Most co-invests don't pay normal fees, frequently anchor/sponsor investors will pay zero fees and other investors will always pay reduced and frequently will not pay any. The LPA will outline the GPs co-invest policy and most investors will have maximum co-invest terms written into any sideletters.

As a point of reference, of the past 4 co-invests I have done, I have paid no fees at all on three of them and 12% carry on the last (which was highly oversubscribed due to incredibly low valuation).

thanks, that makes a lot of sense. I guess I'll count my lucky stars that we can sometimes get roughly 1 + 10.

 
Nov 25, 2011 - 12:13pm

Article on the scope of KKR's energy operations:

"The private equity firm K.K.R. has had extraordinary success investing in so-called shale plays. Starting in 2009, the firm has placed three consecutive bets on the business of extracting natural gas from shale rock formations through hydraulic fracturing technology, or fracking."

http://dealbook.nytimes.com/2011/11/25/k-k-r-s-energy-billionaires-club/

There have been many great comebacks throughout history. Jesus was dead but then came back as an all-powerful God-Zombie.
 
Nov 25, 2011 - 1:15pm

Large equity component is probably limited to the amount of debt that would fit into the borrowing base structure based on the value of the reserves. Can't buy and operate an E&P company with mostly debt like a typical LevFin deal. Also, all of the energy focused PE shops do not lever up their investments in fear of a pull back in commodity prices (esp in the E&P space, since borrowing base is revised semi-annually and tied to commodity price....you could theoretically be forced to repay a large chunk of debt in 6-mos if prices collapsed).
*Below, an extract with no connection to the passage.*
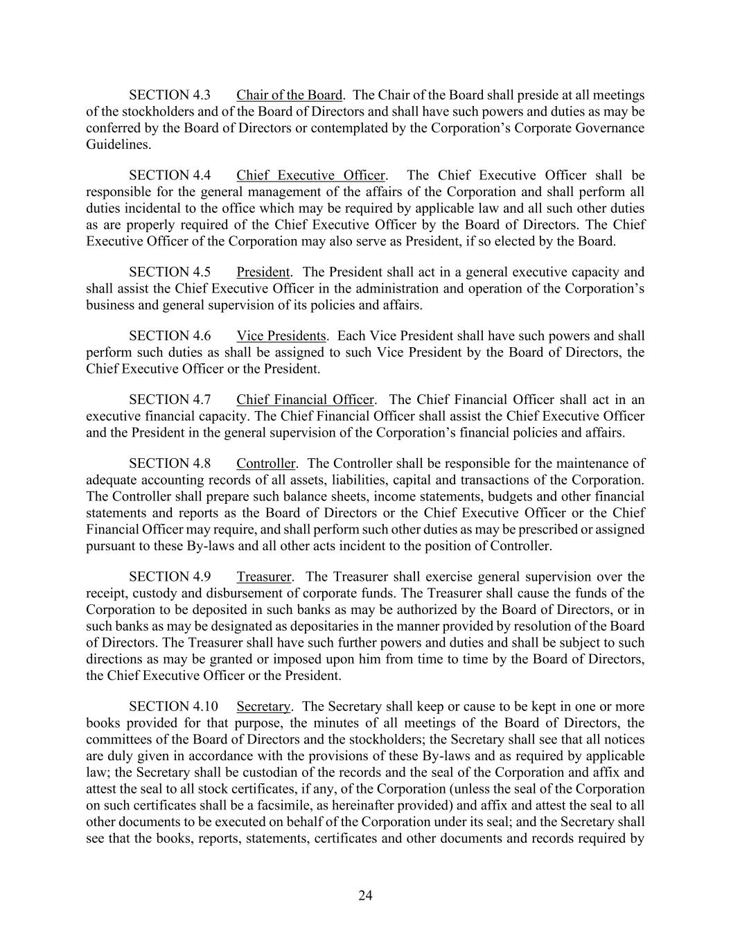 24 SECTION 4.3 Chair of the Board. The Chair of the Board shall preside at all meetings of the stockholders and of the Board of Directors and shall have such powers and duties as may be conferred by the Board of Directors or contemplated by the Corporation’s Corporate Governance Guidelines. SECTION 4.4 Chief Executive Officer. The Chief Executive Officer shall be responsible for the general management of the affairs of the Corporation and shall perform all duties incidental to the office which may be required by applicable law and all such other duties as are properly required of the Chief Executive Officer by the Board of Directors. The Chief Executive Officer of the Corporation may also serve as President, if so elected by the Board. SECTION 4.5 President. The President shall act in a general executive capacity and shall assist the Chief Executive Officer in the administration and operation of the Corporation’s business and general supervision of its policies and affairs. SECTION 4.6 Vice Presidents. Each Vice President shall have such powers and shall perform such duties as shall be assigned to such Vice President by the Board of Directors, the Chief Executive Officer or the President. SECTION 4.7 Chief Financial Officer. The Chief Financial Officer shall act in an executive financial capacity. The Chief Financial Officer shall assist the Chief Executive Officer and the President in the general supervision of the Corporation’s financial policies and affairs. SECTION 4.8 Controller. The Controller shall be responsible for the maintenance of adequate accounting records of all assets, liabilities, capital and transactions of the Corporation. The Controller shall prepare such balance sheets, income statements, budgets and other financial statements and reports as the Board of Directors or the Chief Executive Officer or the Chief Financial Officer may require, and shall perform such other duties as may be prescribed or assigned pursuant to these By-laws and all other acts incident to the position of Controller. SECTION 4.9 Treasurer. The Treasurer shall exercise general supervision over the receipt, custody and disbursement of corporate funds. The Treasurer shall cause the funds of the Corporation to be deposited in such banks as may be authorized by the Board of Directors, or in such banks as may be designated as depositaries in the manner provided by resolution of the Board of Directors. The Treasurer shall have such further powers and duties and shall be subject to such directions as may be granted or imposed upon him from time to time by the Board of Directors, the Chief Executive Officer or the President. SECTION 4.10 Secretary. The Secretary shall keep or cause to be kept in one or more books provided for that purpose, the minutes of all meetings of the Board of Directors, the committees of the Board of Directors and the stockholders; the Secretary shall see that all notices are duly given in accordance with the provisions of these By-laws and as required by applicable law; the Secretary shall be custodian of the records and the seal of the Corporation and affix and attest the seal to all stock certificates, if any, of the Corporation (unless the seal of the Corporation on such certificates shall be a facsimile, as hereinafter provided) and affix and attest the seal to all other documents to be executed on behalf of the Corporation under its seal; and the Secretary shall see that the books, reports, statements, certificates and other documents and records required by

My all time favorite PE deal in the E&P space is Kirk Kerkorian's investment in Delta Petroleum (take a look at the historical chart and look back in the '07 days when he began investing).

 
Nov 26, 2011 - 11:19am

ChemicalBank:
Large equity component is probably limited to the amount of debt that would fit into the borrowing base structure based on the value of the reserves. Can't buy and operate an E&P company with mostly debt like a typical LevFin deal. Also, all of the energy focused PE shops do not lever up their investments in fear of a pull back in commodity prices (esp in the E&P space, since borrowing base is revised semi-annually and tied to commodity price....you could theoretically be forced to repay a large chunk of debt in 6-mos if prices collapsed).

My all time favorite PE deal in the E&P space is Kirk Kerkorian's investment in Delta Petroleum (take a look at the historical chart and look back in the '07 days when he began investing).


Yep, that theory should be applied to all cyclical businesses (not just those exposed directly to commodity markets), but if you look back a few years I think there are plenty of examples of highly leveraged deals in companies with anything but steady earnings!!!